### PROBLEM
In the listing below, the lines starting at the line with "The event section" and ending at the line with "Settlement offers five" are to be output verbatim. Images stay out of the copy.

### DATA FOR THE TASK
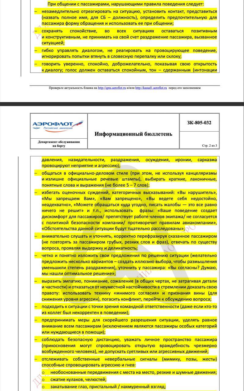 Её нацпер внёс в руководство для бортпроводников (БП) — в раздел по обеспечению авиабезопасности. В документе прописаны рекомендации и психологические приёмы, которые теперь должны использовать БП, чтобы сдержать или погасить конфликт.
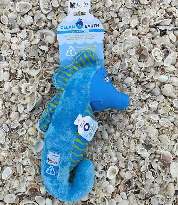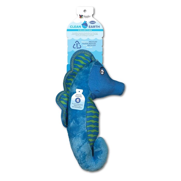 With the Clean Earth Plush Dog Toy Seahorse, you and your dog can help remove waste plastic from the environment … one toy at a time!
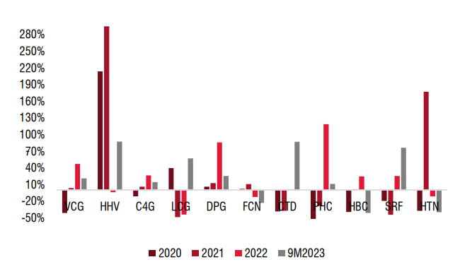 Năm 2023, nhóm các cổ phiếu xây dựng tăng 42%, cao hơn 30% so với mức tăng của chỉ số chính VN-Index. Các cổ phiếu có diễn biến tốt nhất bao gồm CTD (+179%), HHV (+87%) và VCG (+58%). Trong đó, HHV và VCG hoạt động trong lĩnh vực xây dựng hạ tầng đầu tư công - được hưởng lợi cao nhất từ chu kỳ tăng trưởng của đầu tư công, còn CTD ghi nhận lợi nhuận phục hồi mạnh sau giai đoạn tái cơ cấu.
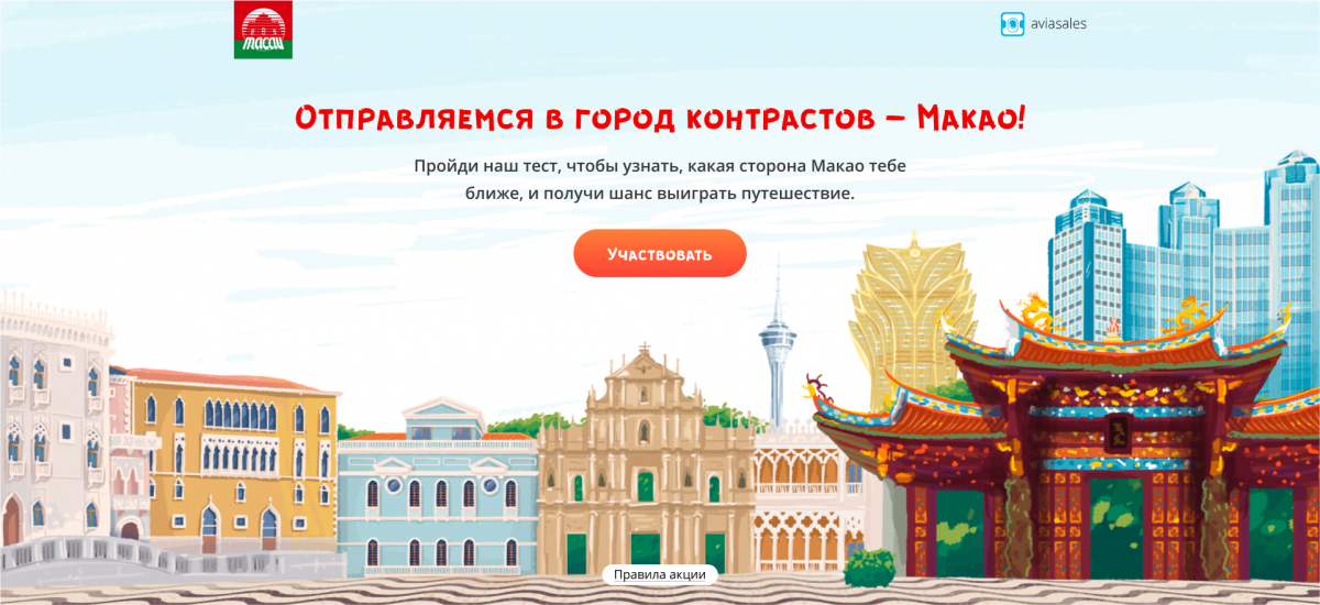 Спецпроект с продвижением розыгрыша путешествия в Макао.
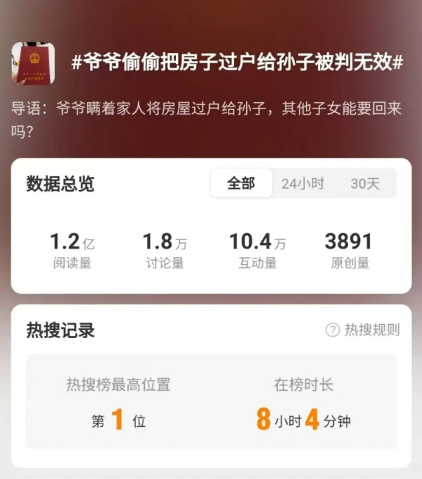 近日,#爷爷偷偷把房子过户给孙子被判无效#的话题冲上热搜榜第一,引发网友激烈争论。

...

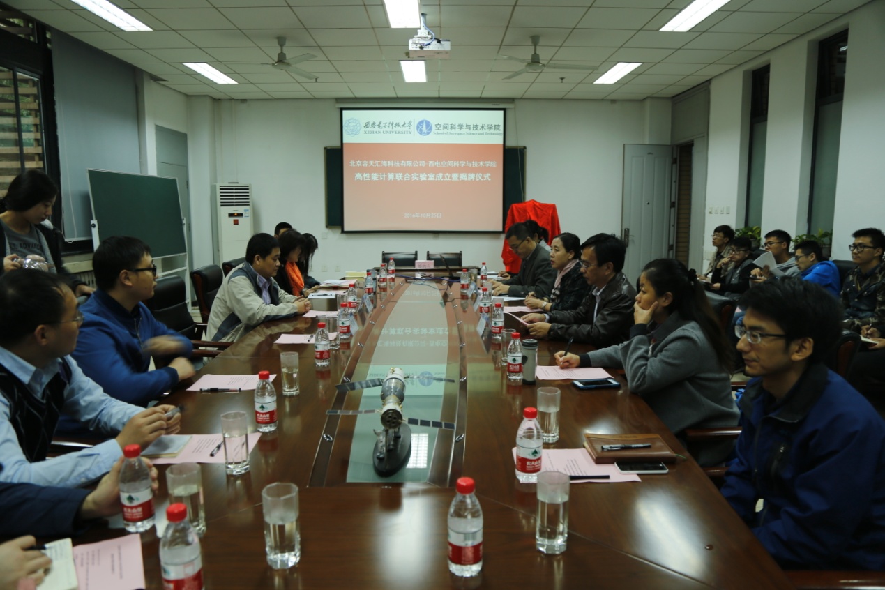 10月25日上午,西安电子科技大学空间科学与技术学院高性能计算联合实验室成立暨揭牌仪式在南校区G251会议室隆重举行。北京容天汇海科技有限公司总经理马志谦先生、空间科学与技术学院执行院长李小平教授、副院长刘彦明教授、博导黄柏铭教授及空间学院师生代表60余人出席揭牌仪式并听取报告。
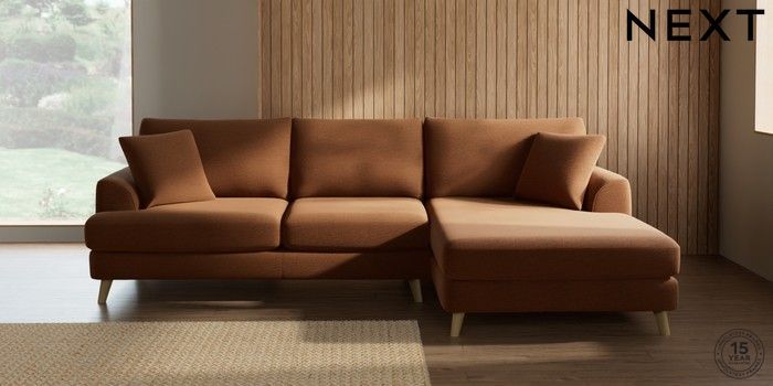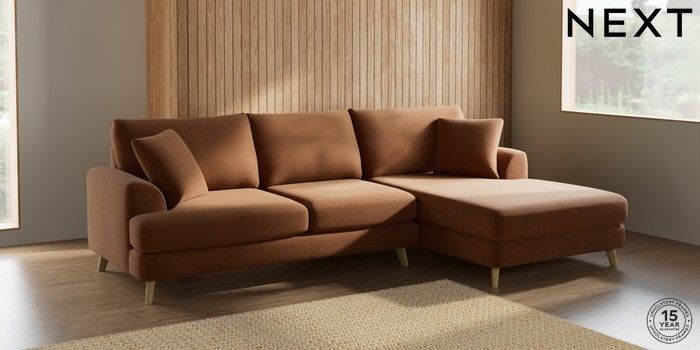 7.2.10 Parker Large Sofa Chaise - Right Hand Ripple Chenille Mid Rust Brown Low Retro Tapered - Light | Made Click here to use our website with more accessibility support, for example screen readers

---

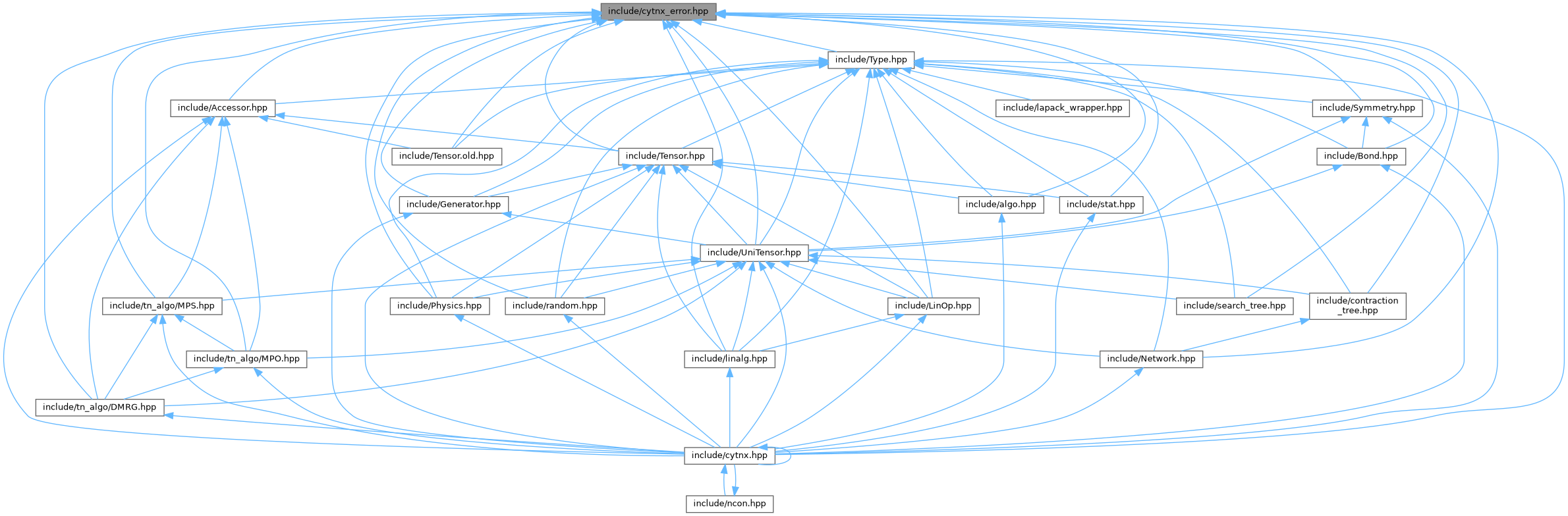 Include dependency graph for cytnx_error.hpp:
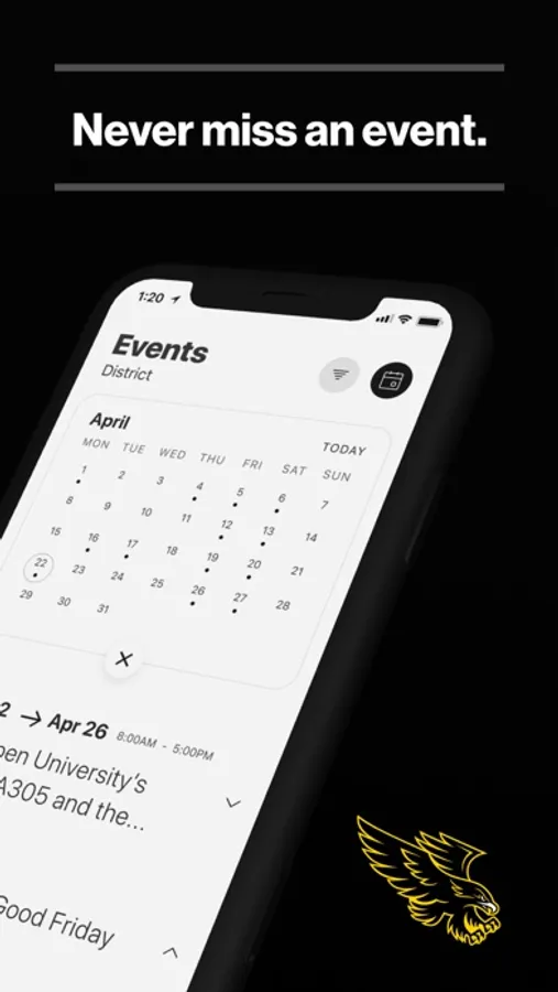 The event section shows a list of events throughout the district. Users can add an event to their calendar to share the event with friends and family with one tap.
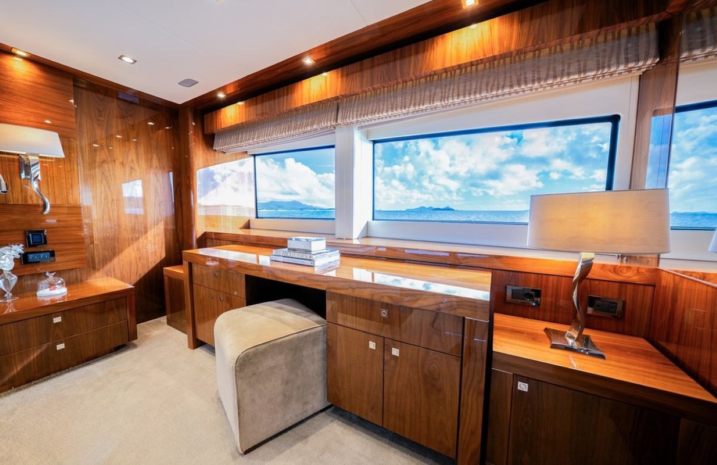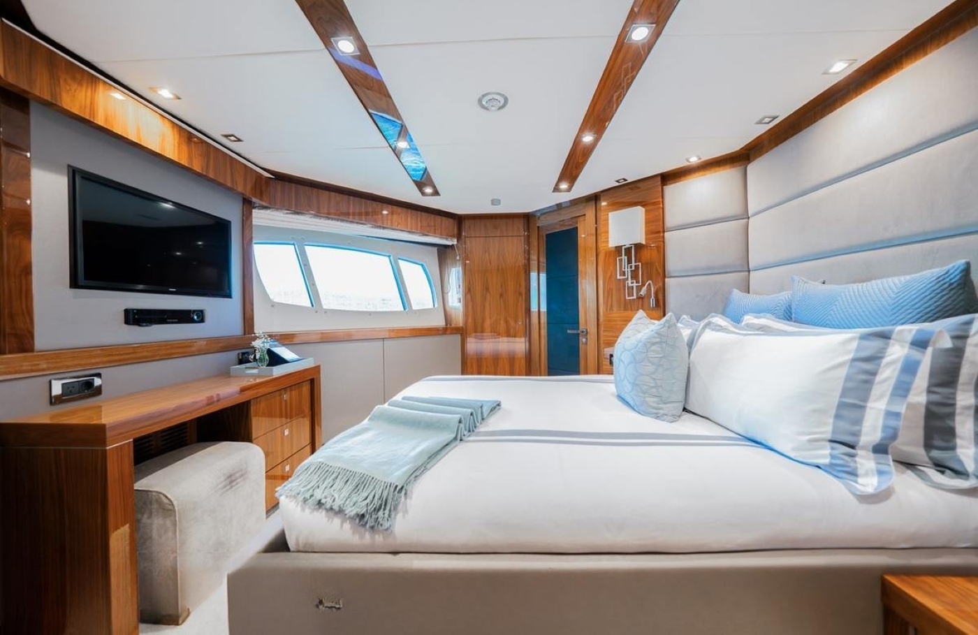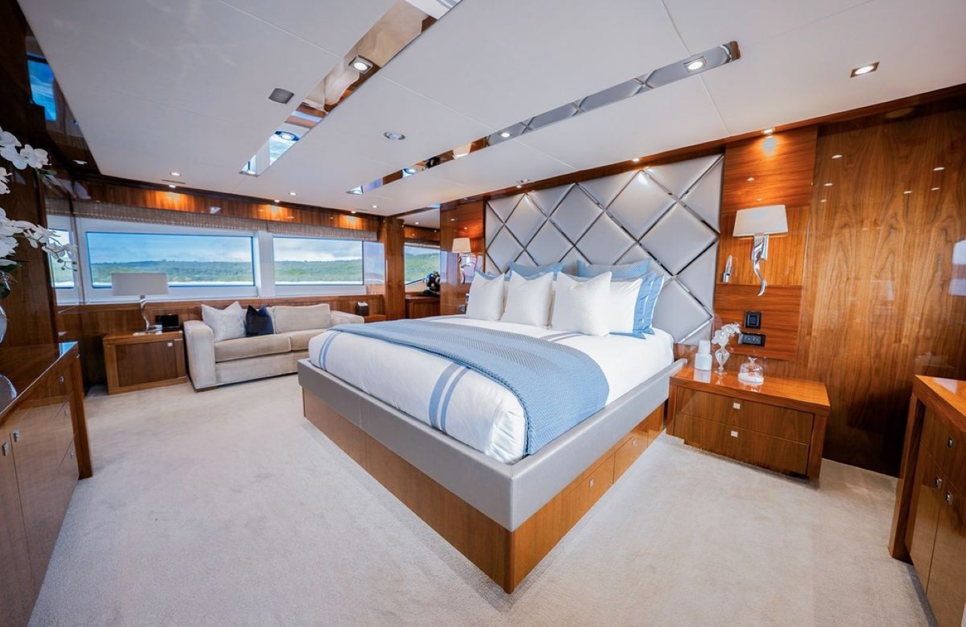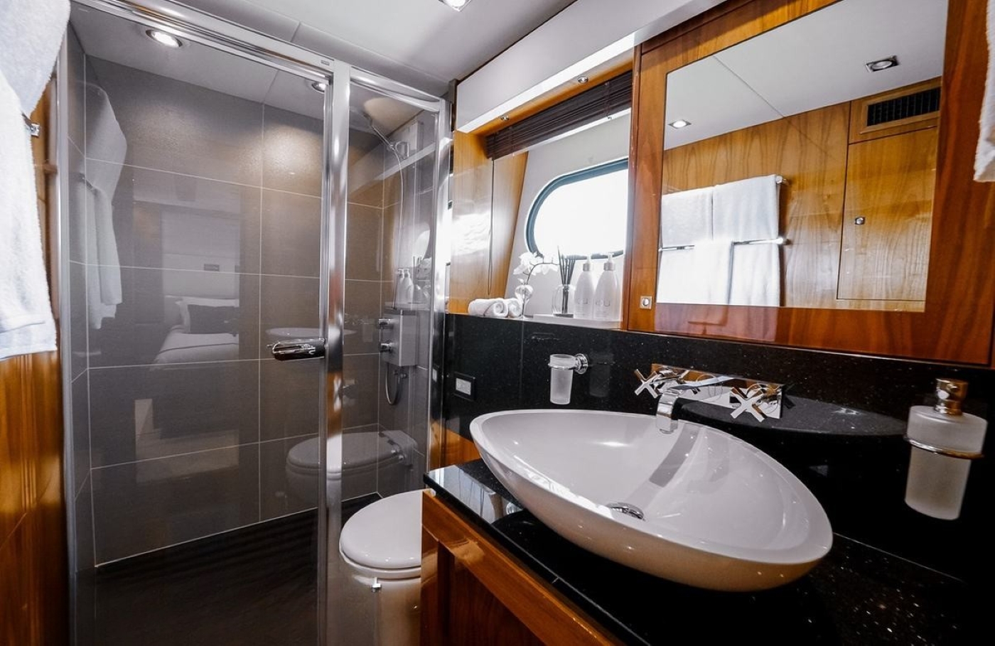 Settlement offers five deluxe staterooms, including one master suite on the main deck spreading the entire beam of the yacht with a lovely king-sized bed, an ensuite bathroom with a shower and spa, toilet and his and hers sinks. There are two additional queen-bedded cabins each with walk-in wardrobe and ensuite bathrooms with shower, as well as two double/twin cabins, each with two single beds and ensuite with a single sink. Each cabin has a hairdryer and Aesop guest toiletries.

### ANSWER SECTION
 The event section shows a list of events throughout the district. Users can add an event to their calendar to share the event with friends and family with one tap.
 Settlement offers five deluxe staterooms, including one master suite on the main deck spreading the entire beam of the yacht with a lovely king-sized bed, an ensuite bathroom with a shower and spa, toilet and his and hers sinks. There are two additional queen-bedded cabins each with walk-in wardrobe and ensuite bathrooms with shower, as well as two double/twin cabins, each with two single beds and ensuite with a single sink. Each cabin has a hairdryer and Aesop guest toiletries.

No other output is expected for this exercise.